Information provided
↓

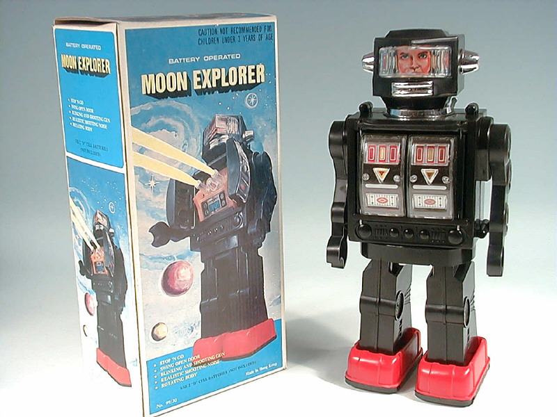 hauteur 29 cm - moteur à piles (fonctionne de manière aléatoire) - le mécanisme fait avancer le robot & fait sortir des mitraillettes du ventre - bruiteur
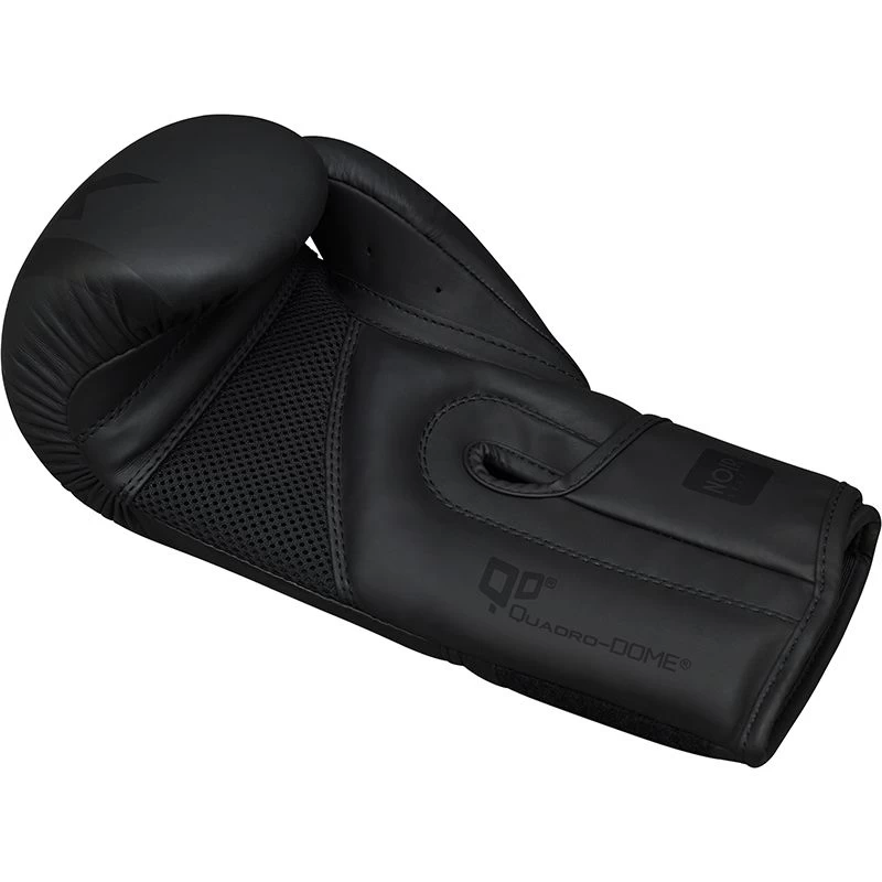 - Quadro-dome mould boxing gloves for impact-absorption with ventilating nylon mesh palm and antimicrobial inner, and a Quick-EZ hook-and-loop strap.
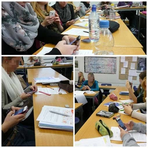 Auf die Frage, was die Schüler/innen mit ihren Smartphones denn gerade machten, kamen diese Antworten:

↑

Problem
What you give back must match the material word for word, with no images included.

Your response
 hauteur 29 cm - moteur à piles (fonctionne de manière aléatoire) - le mécanisme fait avancer le robot & fait sortir des mitraillettes du ventre - bruiteur
 - Quadro-dome mould boxing gloves for impact-absorption with ventilating nylon mesh palm and antimicrobial inner, and a Quick-EZ hook-and-loop strap.
 Auf die Frage, was die Schüler/innen mit ihren Smartphones denn gerade machten, kamen diese Antworten:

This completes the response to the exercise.